Assignment: Write out the entire listing below exactly, with the pictures left out.

Excerpted data:

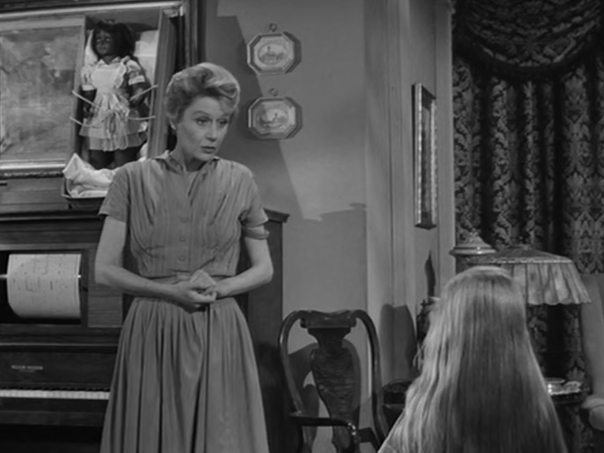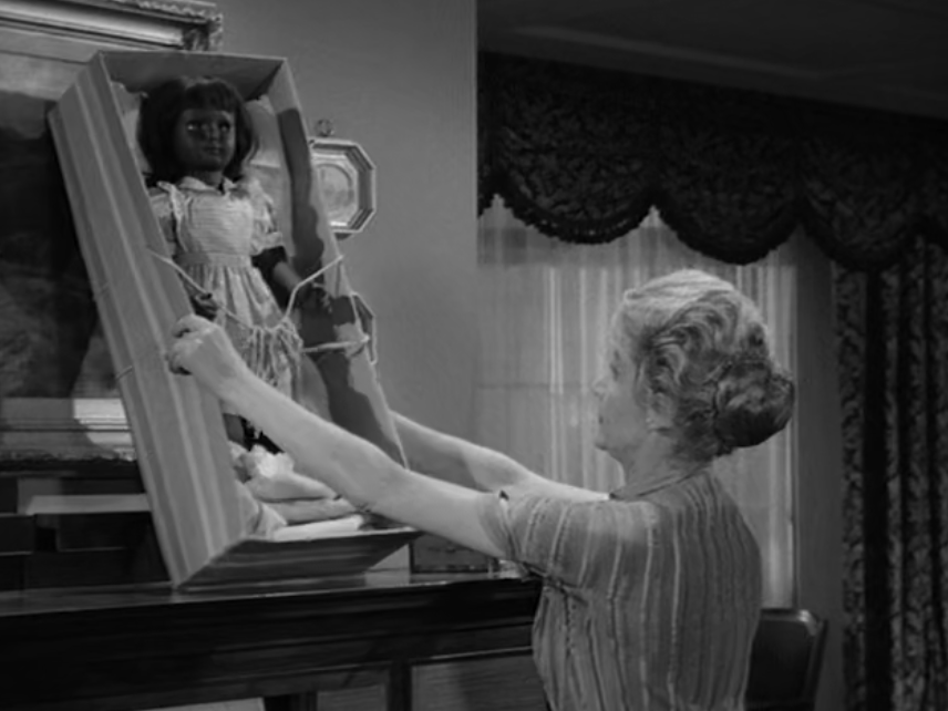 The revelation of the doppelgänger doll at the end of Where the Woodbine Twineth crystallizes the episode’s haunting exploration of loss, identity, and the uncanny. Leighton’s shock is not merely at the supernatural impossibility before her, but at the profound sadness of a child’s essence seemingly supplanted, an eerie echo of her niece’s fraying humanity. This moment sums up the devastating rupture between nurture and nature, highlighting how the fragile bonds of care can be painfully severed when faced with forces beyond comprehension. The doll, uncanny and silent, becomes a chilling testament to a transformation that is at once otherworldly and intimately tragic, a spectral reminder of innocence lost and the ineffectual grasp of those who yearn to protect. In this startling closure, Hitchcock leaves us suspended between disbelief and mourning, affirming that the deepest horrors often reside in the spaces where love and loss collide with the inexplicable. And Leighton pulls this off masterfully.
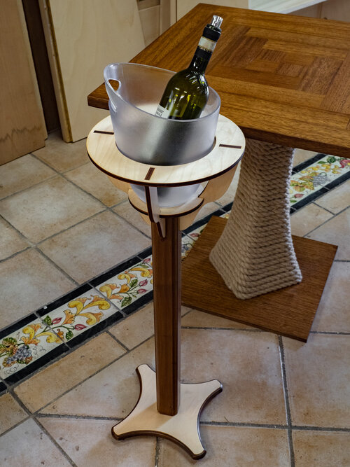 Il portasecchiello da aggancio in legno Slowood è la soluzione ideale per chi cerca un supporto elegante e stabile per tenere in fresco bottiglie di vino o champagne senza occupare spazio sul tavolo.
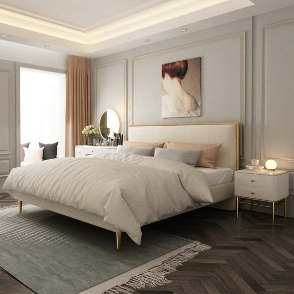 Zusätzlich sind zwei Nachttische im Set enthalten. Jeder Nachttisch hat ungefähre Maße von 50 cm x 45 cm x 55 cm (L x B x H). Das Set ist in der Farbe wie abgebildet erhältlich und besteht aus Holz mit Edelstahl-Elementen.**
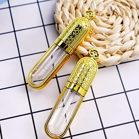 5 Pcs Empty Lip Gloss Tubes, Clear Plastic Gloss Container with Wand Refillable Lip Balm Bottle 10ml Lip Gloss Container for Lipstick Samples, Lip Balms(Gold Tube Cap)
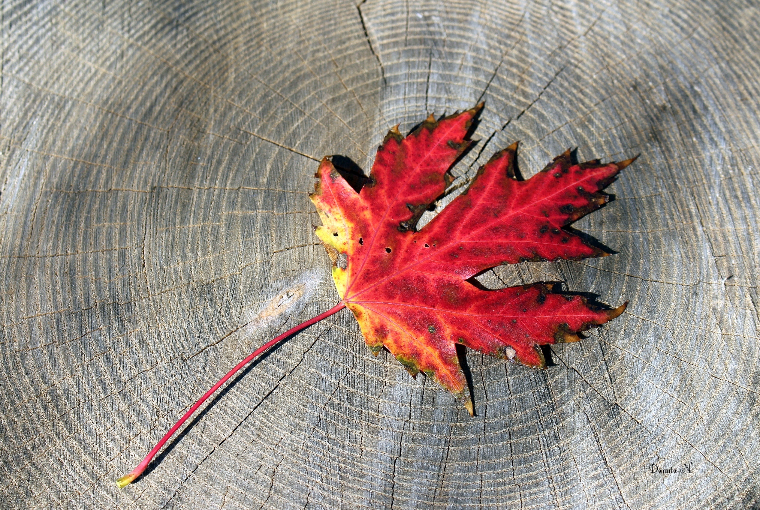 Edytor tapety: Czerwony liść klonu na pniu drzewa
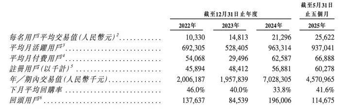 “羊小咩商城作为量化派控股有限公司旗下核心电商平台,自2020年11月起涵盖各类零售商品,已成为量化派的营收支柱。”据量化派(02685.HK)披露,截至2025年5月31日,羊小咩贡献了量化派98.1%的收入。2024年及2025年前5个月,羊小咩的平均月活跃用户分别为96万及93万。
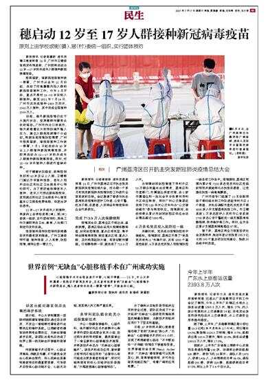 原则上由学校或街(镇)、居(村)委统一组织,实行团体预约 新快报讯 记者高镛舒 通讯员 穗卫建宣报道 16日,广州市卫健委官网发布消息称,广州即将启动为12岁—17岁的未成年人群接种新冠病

The answer:
 The revelation of the doppelgänger doll at the end of Where the Woodbine Twineth crystallizes the episode’s haunting exploration of loss, identity, and the uncanny. Leighton’s shock is not merely at the supernatural impossibility before her, but at the profound sadness of a child’s essence seemingly supplanted, an eerie echo of her niece’s fraying humanity. This moment sums up the devastating rupture between nurture and nature, highlighting how the fragile bonds of care can be painfully severed when faced with forces beyond comprehension. The doll, uncanny and silent, becomes a chilling testament to a transformation that is at once otherworldly and intimately tragic, a spectral reminder of innocence lost and the ineffectual grasp of those who yearn to protect. In this startling closure, Hitchcock leaves us suspended between disbelief and mourning, affirming that the deepest horrors often reside in the spaces where love and loss collide with the inexplicable. And Leighton pulls this off masterfully.
 Il portasecchiello da aggancio in legno Slowood è la soluzione ideale per chi cerca un supporto elegante e stabile per tenere in fresco bottiglie di vino o champagne senza occupare spazio sul tavolo.
 Zusätzlich sind zwei Nachttische im Set enthalten. Jeder Nachttisch hat ungefähre Maße von 50 cm x 45 cm x 55 cm (L x B x H). Das Set ist in der Farbe wie abgebildet erhältlich und besteht aus Holz mit Edelstahl-Elementen.**
 5 Pcs Empty Lip Gloss Tubes, Clear Plastic Gloss Container with Wand Refillable Lip Balm Bottle 10ml Lip Gloss Container for Lipstick Samples, Lip Balms(Gold Tube Cap)
 Edytor tapety: Czerwony liść klonu na pniu drzewa
 “羊小咩商城作为量化派控股有限公司旗下核心电商平台,自2020年11月起涵盖各类零售商品,已成为量化派的营收支柱。”据量化派(02685.HK)披露,截至2025年5月31日,羊小咩贡献了量化派98.1%的收入。2024年及2025年前5个月,羊小咩的平均月活跃用户分别为96万及93万。
 原则上由学校或街(镇)、居(村)委统一组织,实行团体预约 新快报讯 记者高镛舒 通讯员 穗卫建宣报道 16日,广州市卫健委官网发布消息称,广州即将启动为12岁—17岁的未成年人群接种新冠病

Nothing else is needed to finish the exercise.